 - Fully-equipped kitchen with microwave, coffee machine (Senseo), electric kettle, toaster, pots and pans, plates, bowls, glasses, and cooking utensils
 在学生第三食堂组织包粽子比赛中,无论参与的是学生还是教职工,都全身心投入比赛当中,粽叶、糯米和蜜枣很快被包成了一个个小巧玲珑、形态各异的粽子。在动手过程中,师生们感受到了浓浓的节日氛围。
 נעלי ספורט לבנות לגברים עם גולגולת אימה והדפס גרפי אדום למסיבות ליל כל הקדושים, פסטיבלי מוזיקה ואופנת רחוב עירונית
* * *
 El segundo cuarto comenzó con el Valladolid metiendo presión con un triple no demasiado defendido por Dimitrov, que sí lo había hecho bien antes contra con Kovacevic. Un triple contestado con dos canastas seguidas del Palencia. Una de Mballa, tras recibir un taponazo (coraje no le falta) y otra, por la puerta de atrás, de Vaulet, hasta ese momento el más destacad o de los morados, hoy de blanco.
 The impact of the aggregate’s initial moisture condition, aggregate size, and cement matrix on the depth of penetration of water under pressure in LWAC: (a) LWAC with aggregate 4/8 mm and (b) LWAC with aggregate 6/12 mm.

● **Action item**:
Please make an exact copy of the lines above from the line with "El segundo cuarto" through the line with "The impact of", both ends included.

● **Your solution**:
 El segundo cuarto comenzó con el Valladolid metiendo presión con un triple no demasiado defendido por Dimitrov, que sí lo había hecho bien antes contra con Kovacevic. Un triple contestado con dos canastas seguidas del Palencia. Una de Mballa, tras recibir un taponazo (coraje no le falta) y otra, por la puerta de atrás, de Vaulet, hasta ese momento el más destacad o de los morados, hoy de blanco.
 The impact of the aggregate’s initial moisture condition, aggregate size, and cement matrix on the depth of penetration of water under pressure in LWAC: (a) LWAC with aggregate 4/8 mm and (b) LWAC with aggregate 6/12 mm.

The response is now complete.